To derive the activated confidence levels for the luminance response, we generated for the spike train of Fig. 7A (using the PR method) 1,000 modulated spike trains for each spike count (100, 200, 400, 800, 1,600, 3,200, and 5,000 spikes; 7 × 1,000 spike trains). The 7,000 PR-randomized spike trains were not subsets of each other. This produced an activated confidence band (indicated by open triangles) as shown in Fig. 8A. Five, 50, and 95% confidence levels (lower, middle, and upper open triangles, respectively) are shown. Comparison of this measure of precision with measured contrast ratios of truncated portions of the original spike train (filled triangles) suggests that this method is well suited for activated spike trains.
To examine whether this method also produces reasonable spontaneous confidence levels, we also generated 1,000 PR-randomized spike trains derived from spontaneous activity recorded from the same cell. As shown by open squares in Fig. 8A, the 5, 50, and 95% spontaneous confidence levels are comparable to those in Fig. 6A (generated by full randomization), supporting the validity of this method for generating spontaneous confidence levels as well. That our choice of window size (10 spikes) is sufficiently large, and thus our spike trains sufficiently random, is indicated by the similarity between these two distributions.
This application of PR randomization allows one to evaluate the response difference between two spike trains. For example, two spike trains' contrast ratios are significantly different from each other at the P = 0.05 level (a 2-tailed comparison) if each contrast ratio lies outside the 2.5-97.5% confidence band of the other contrast ratio. The 5 or 95% confidence level should be used for one-tailed comparisons at P = 0.05.
We stress that the confidence band, not the confidence interval, should be used. By confidence band, we mean that the calculation of confidence interval should take into account the number of spikes as the variance is greater at low spike counts.
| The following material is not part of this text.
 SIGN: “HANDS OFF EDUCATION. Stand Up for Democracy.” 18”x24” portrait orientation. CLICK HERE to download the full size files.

The correct test in these cases is to test the contrast ratio of one spike train against the confidence interval of other at the same spike count. Figure 8B shows examples of inappropriate and appropriate significance testing between two contrast ratios. In these examples, circles A and B indicate the two contrast ratios to be compared (A: contrast ratio 0.20, 200 spikes; B: contrast ratio 0.48, 3,200 spikes). Gray curves suggest possible confidence bands of A and B. In the example at left, the confidence interval at A, denoted by A', is used to test the significance of B, and B' is used to test the significance of A. Because A is not within B', and B is not within A', this test suggests that the contrast ratio measurements are significantly different. The problem with this example, however, is that the test has not been corrected for sample size. In the example at right, A" and B" denote confidence intervals calculated from spike trains A and B at spike counts of B and A, respectively. Thus this test takes into account the fact that the confidence band of B is wider at fewer spikes. As a result, it correctly finds that A is within B", and the difference between A and B is deemed to be nonsignificant at the P = 0.05 level (2-tailed test, 2.5-97.5% confidence band).
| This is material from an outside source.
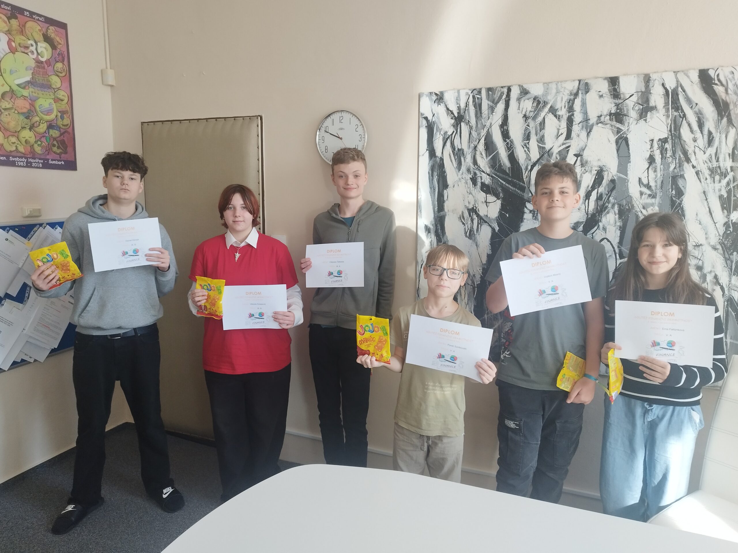 Letos opět na naší škole proběhla soutěž z finanční gramotnosti. Cílem soutěže je zatraktivnit výuku finanční gramotnosti na školách, doplňovat znalosti žáků, ověřovat jejich úroveň a seznamovat je se světem peněz, rodinného rozpočtu či základů investování. Soutěž je určena pro žáky a studenty základních a středních škol.

In the example at right, it would be inappropriate to compare A" against B. This is because PR randomization cannot extrapolate from a 200-spike spike train what the contrast ratio might be at 3,200 spikes. In virtually all contrast ratio comparison tests, one spike train will be longer than the other, and the test must be performed by comparing the confidence band of the longer spike train against the contrast ratio of the shorter spike train, as shown in Fig. 8B, right. In rare cases where both spike trains are of the same length, differences in variance between the two contrast ratios can result in one contrast ratio lying within the confidence band of the other, but the other contrast ratio lying outside the confidence band of the former. An example of this can be seen in the 50% confidence levels of Fig. 8A at 200 spikes. We believe this arises from asymmetry in the probability distribution (because the contrast ratio is not normally distributed). In these cases, we suggest that if either value falls within the confidence band of the other, then the two values are not significantly different from each other.
This method can also be used to determine the minimum number of spikes
needed to avoid falsely rejecting a true activated response. In Fig.
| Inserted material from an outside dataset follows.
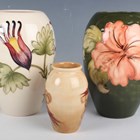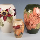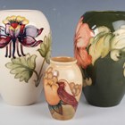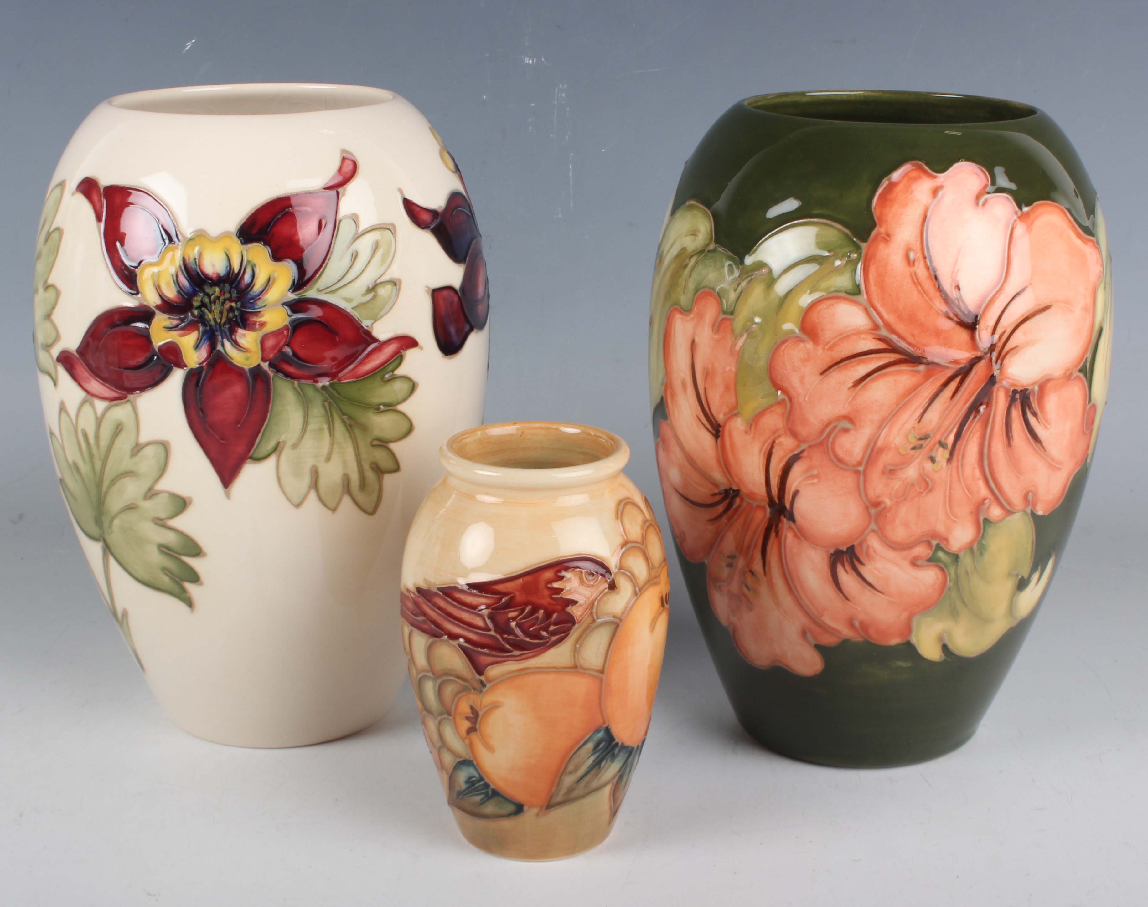 Three pieces of Moorcroft Pottery, second half 20th century, comprising a Finches pattern vase, designed by Sally Tuffin, height 10.5cm, a Coral Hibiscus vase with green ground, height 18cm, and a Columbine vase with ivory ground, height 18cm, impressed and painted marks to bases.

8A, substantial overlap can be seen between the
luminance-modulated and spontaneous distributions for spike counts
<400. This overlap suggests that, for low spike counts, errors can
arise from the use of the 95% spontaneous confidence limit. For spike
trains with <400 spikes, the lower precision of contrast ratio
measurements increases the likelihood of a true luminance response
being misclassified as a nonresponse (incorrect acceptance of the null
hypothesis, i.e., a type II error) (cf. Kvanli et al.
1989
). For this cell, a minimum of 400 spikes is needed
to avoid such errors. A cell with a weaker luminance response would
require even more spikes for the response to be clearly distinguishable
from spontaneous. For example, a cell with a luminance contrast ratio
of 0.35 might need a minimum of 800 spikes. In our experience, the
spontaneous confidence levels do not differ much from cell to cell.
Thus the minimum spike number is largely determined by the strength of
the luminance response.
Sample size correction function for measured contrast ratios
Contrast ratios are a popular tool for quantifying both sinusoidal and transient responses. As we have demonstrated for recordings of spontaneous activity (Fig. 4), differences in sample size can dramatically affect the measured contrast ratio. This bias is present not only in spontaneous activity but in luminance responses as well. When recorded responses are weakly modulated, a correction function (correcting the measured contrast ratio for the number of spikes recorded) may be required to dissociate the test response population from the spontaneous population (i.e., using population statistics such as the Wilcoxon signed-rank test). Here, we show how to generate such a correction function.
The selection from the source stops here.